While it is true that both affect lung and cardiovascular health, and that vaping can have a negative impact on endothelial cells, possibly beyond that of smoking, as Huberman mentioned, the effects are not comparable. The negative effects from vaping on cardiovascular health have been shown to be significantly lower than that of smoking. Switching from smoking to vaping reduces the exposure to toxicants related to cardiovascular diseases, leading to significant improvements in cardiovascular health similar to those of the nicotine replacement therapies recommended by Huberman. Similarly for the lungs, vaping is much less harmful. The risk, for example, of cancer – the most common cancer caused by smoking is lung cancer – from vaping relative to smoking is only 0.4%.
Vaping nicotine is not behind youth vaping
The idea that vaping can cause a much more rapid increase in nicotine concentrations in the blood is misleading. Vaping technology allows users to regulate the level of nicotine they inhale, allowing them to achieve higher nicotine concentrations than smoking, but also lower concentrations or even to vape without nicotine! Typically, smokers who switch to vaping start with similar nicotine levels, but progressively reduce and may even eliminate nicotine.
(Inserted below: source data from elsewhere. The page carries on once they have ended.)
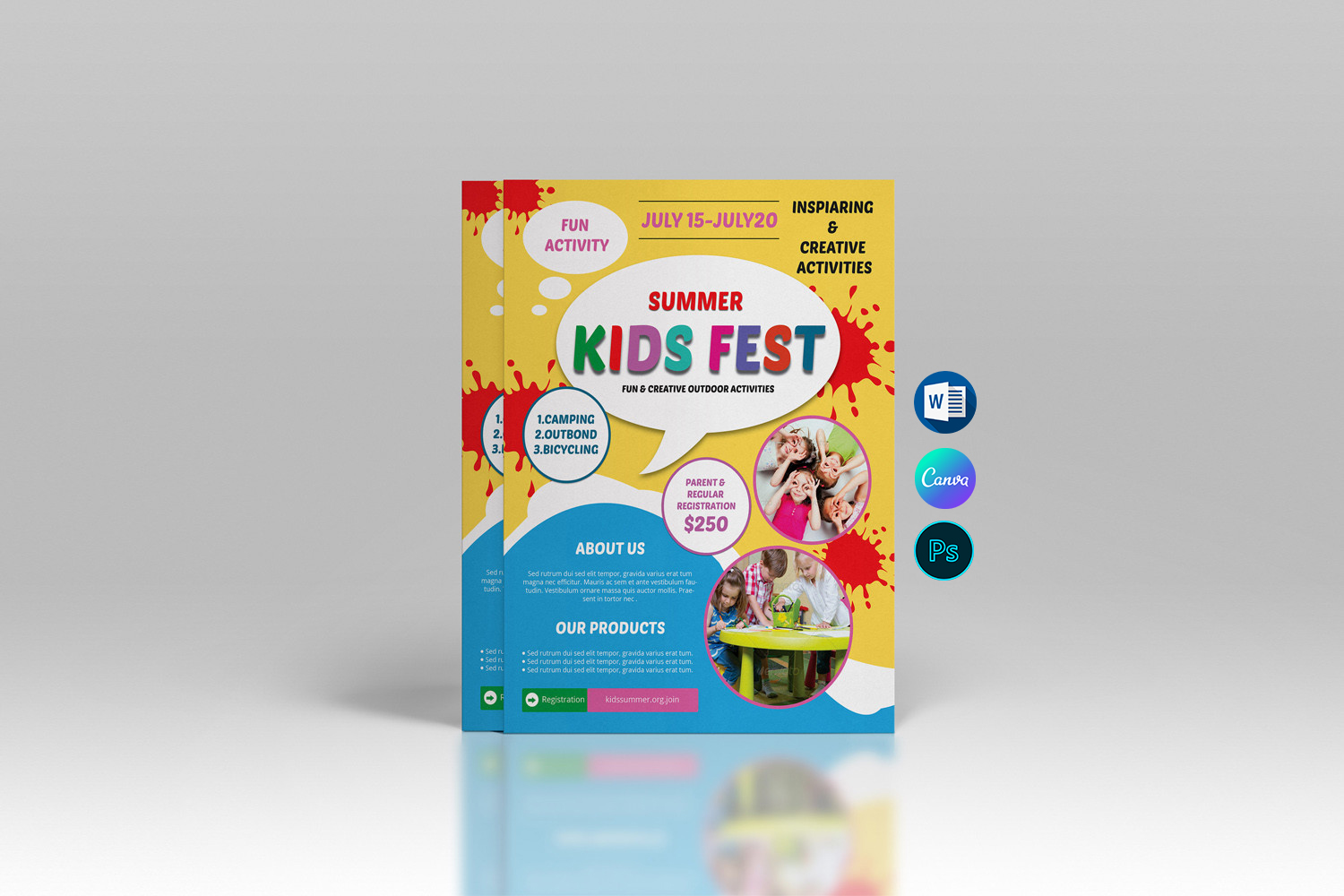 Printable Kids Summer Camp Flyer template Corporate Identity
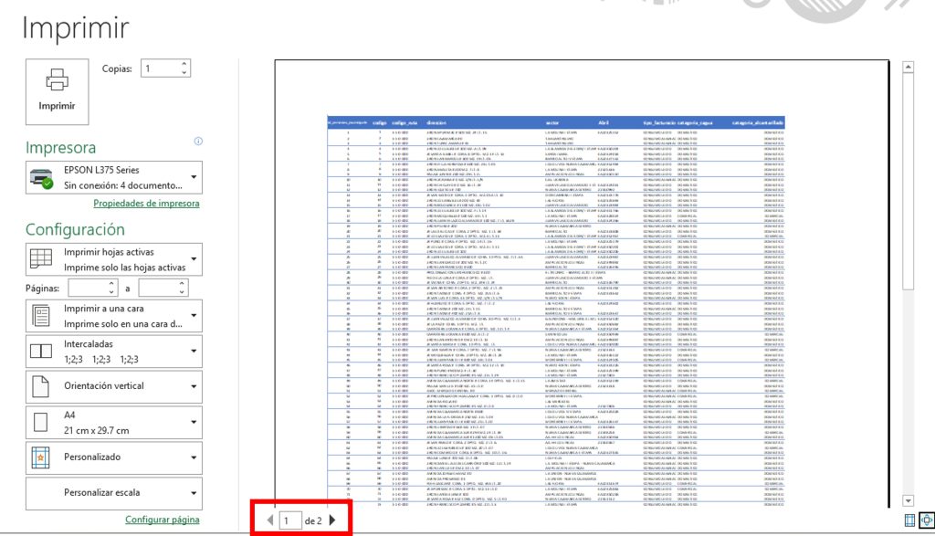 Una vez aplicada la configuración, vuelve a Archivo → Imprimir para revisar la vista previa.
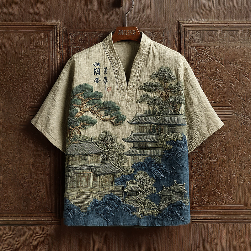 Men's Vintage Japanese Landscape Embroidery Casual V Neck Shirt
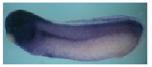 Histone cell cycle regulator (hira) gene expression in Xenopus laevis embryo, assayed via in situ hybridization, NF stage 19, dorsal view, anterior up.
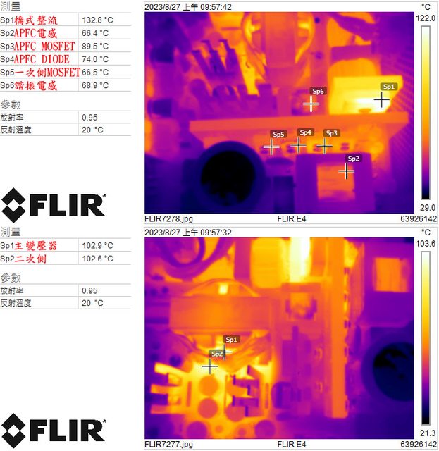 振電感(上圖)及主變壓器/二次側(下圖)的紅外線熱影像圖(附註:安裝位置環境溫度會影
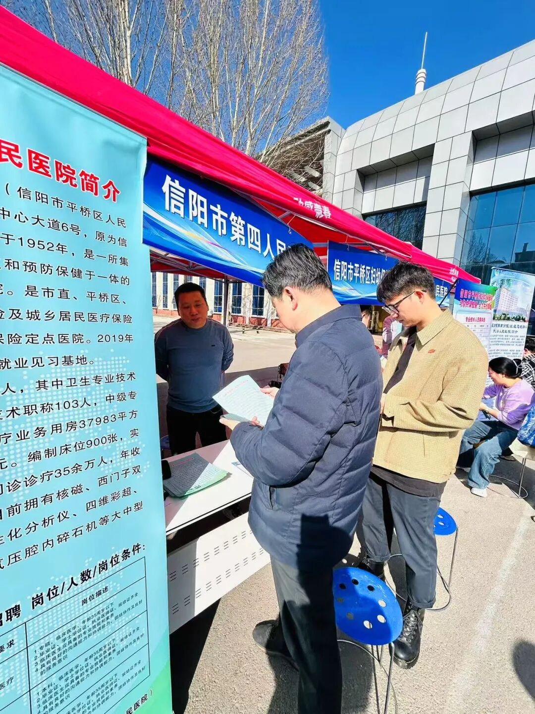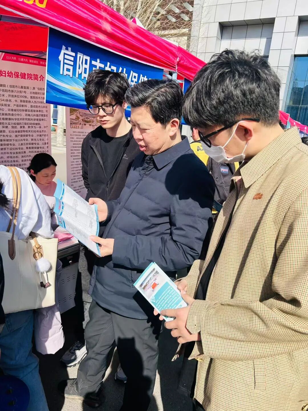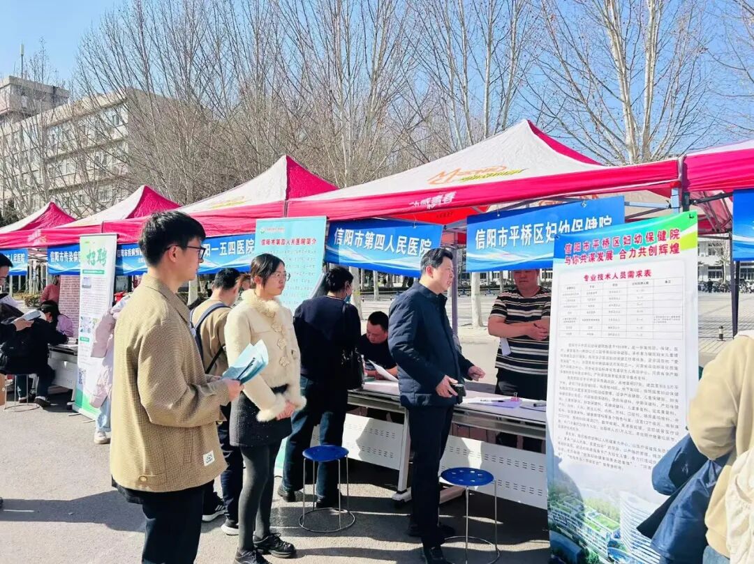 为深入贯彻落实教育部"访企拓岗促就业"专项行动,深化校企合作,拓宽毕业生就业渠道,3月21日下午,我校主动“搭台引企”,邀请信阳市中心医院、信阳市人民医院等18家市县两级医疗机构走进校园,在华亿在线体育(中国)官方网站南校区五环广场前举办医疗卫生领域专场招聘会。18家医疗机构携数百余个岗位进校揽才,吸引临床医学、麻醉学、公共卫生等专业毕业生到场求职。麻醉学院党总支副书记王琰、就业办公室副主任何昊、辅导员刘慧仿到场。
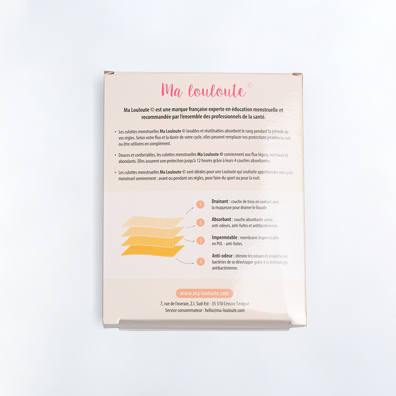 Conçue pour permettre aux jeunes filles de vivre leurs règles en toute tranquillité, la culotte menstruelle Ma Louloute est lavable et réutilisable pendant plusieurs années. Fabriqué à partir de matériaux naturels et sans aucun produit chimique ou toxique, le tissu ultra-absorbant situé à l'intérieur de la culotte capture et retient le sang menstruel pour un confort au sec.
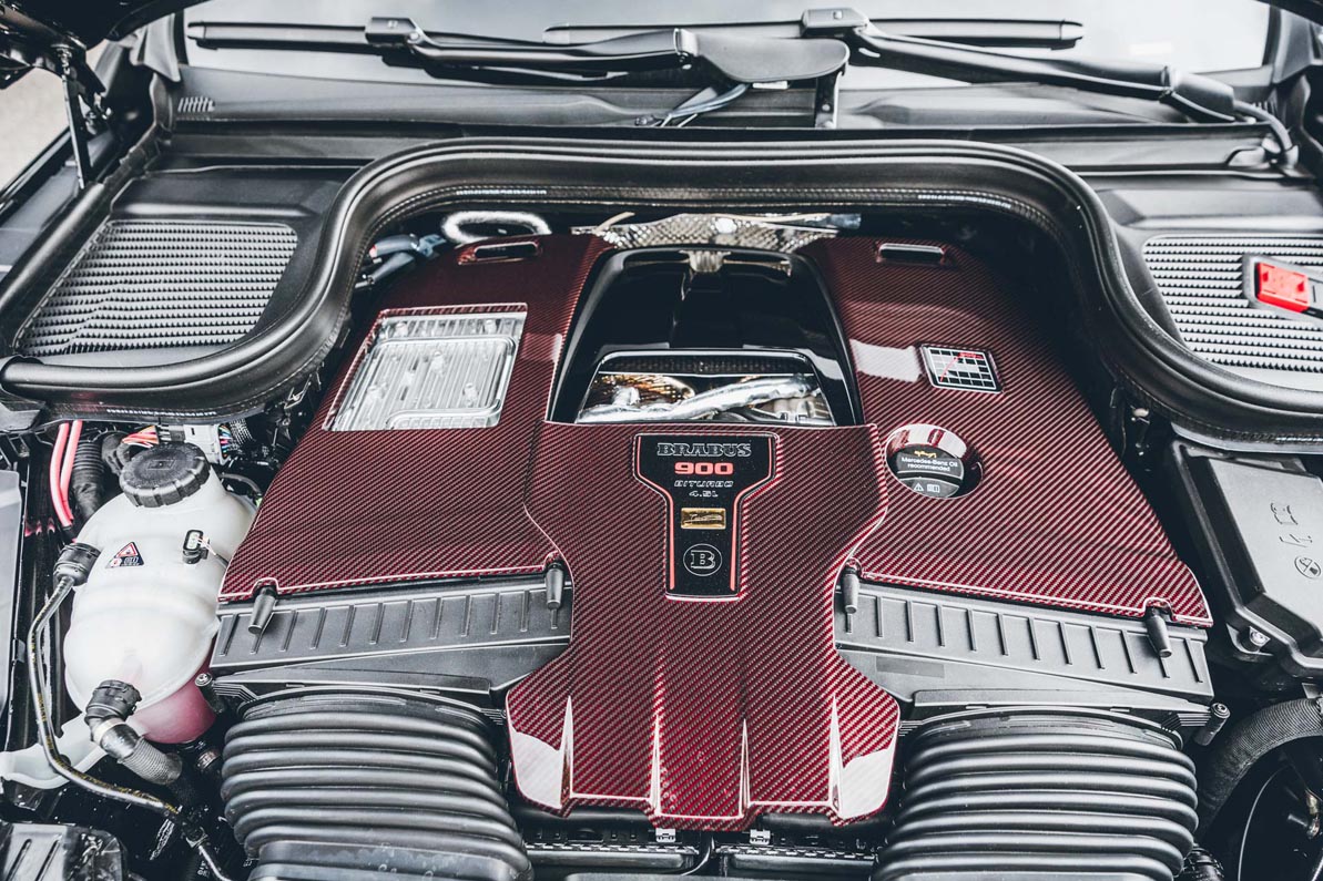 Underneath the BRABUS engine cover made of red carbon is a host of further modifications in order to achieve the desired performance enhancement without any compromises in terms of durability and daily practicality. Two high-pressure pumps with increased flow rate and an additional booster pump optimize the fuel supply to the engine. In addition, the intake system is extensively modified to improve the supply of air.
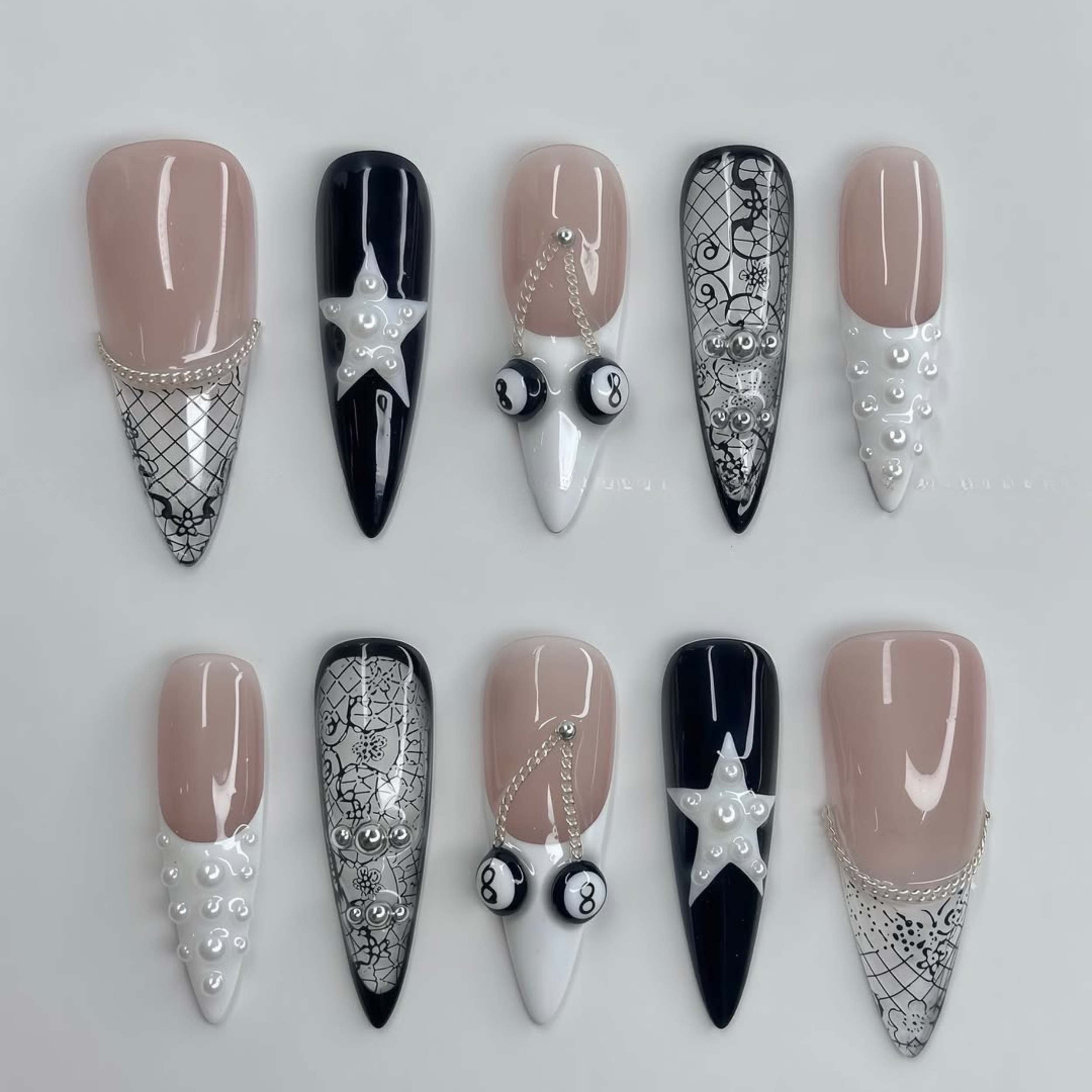 Goth-Lace Muse is an exquisite press-on nail set crafted for those who adore rebellious elegance. Featuring a dynamic mix of stark black and soft nude bases, the design showcases intricate lace patterns, bold stars, and playful 8-ball charms accented by delicate silver chains and pearl details. This set transforms into a luxurious fusion of dark romance and sophisticated street style.
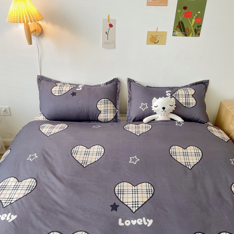 Nhà Cửa & Đời Sống > Chăn, Ga, Gối & Nệm > Bộ trải giường, vỏ gối & hộp đựng > Bộ chăn ga gối Cotton poly M2T bedding gồm vỏ chăn mền, drap ga giường và 2 vỏ gối nằm họa tiết tim kẻ xanh
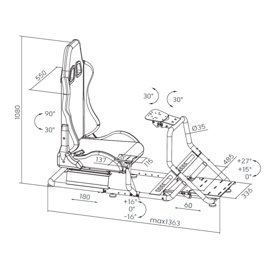 | Регулировки: | Угол наклона спинки, Глубина сидения, Угол наклона крепления КПП, Расстояние крепления КПП, Угол наклона крепления руля, Угол наклона крепления педалей |
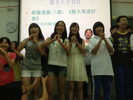 而班级集体表演部分,三班的《换大米进行曲》则是赢得最多喝彩声的节目。前些年流行于网络的歌曲搞笑串烧在21位同学的演绎中又呈现了另一番风味,惹得台下的观众和评委哈哈大笑并纷纷举起拇指,表演完毕后同学们还特地对辛苦地帮助他们选歌及排练的音乐老师表达了感谢与喜爱,并为老师献上花朵。
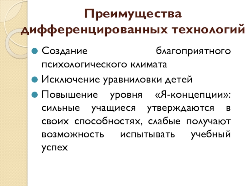 учащиеся утверждаются в своих способностях, слабые получают возможность испытывать учебный успех

The idea that higher nicotine concentrations in vaping appeal to young people is therefore wrong. Most young people who vape are or have previously been smokers or would be smokers in the absence of vaping. The causes that lead young people to smoke and vape are varied and may be genetic, behavioural, socio-economic, etc. To stop young people from vaping, we should attack the causes that motivate them, apply smart regulations and penalties to those who sell vaping products to young people, but not blame nicotine that helps adults to use these products to quit smoking.
Lozenges and gums are less harmful than vaping, but also less effective
Huberman mentions that, if the purpose of smoking or vaping is to consume nicotine, the safest way to do so is through traditional nicotine replacement therapies such as lozenges and gum. This statement is correct, but it misses the point why vaping is so popular among ex-smokers! The ritual of vaping is similar to that of smoking, while consuming nicotine through gum or lozenges is very different, and vaping flavours can make it pleasantly. These characteristics have made vaping the most successful smoking cessation method, which is estimated to be twice as effective as nicotine replacement therapies and can lead to quit smoking even to those smokers not looking to quit! In addition, other studies have found that nicotine dependence in smokers can be reduced through vaping more than through gums. In summary, it is true that lozenges and gums are safer, but they simply do not work effectively to quit smoking!
Highlighting the differences can save lives
While Huberman did not say that vaping and smoking are as harmful, he failed to mention the potential of vaping to help smokers quit and live healthier and to improve public health and save millions of lives. Smokers need to know the benefits of vaping in order to make informed choices and switch! Idealised approaches such as asking smokers to quit cold turkey or to use nicotine gums or lozenges do not work. Let’s promote comprehensive harm reduction strategies to help them.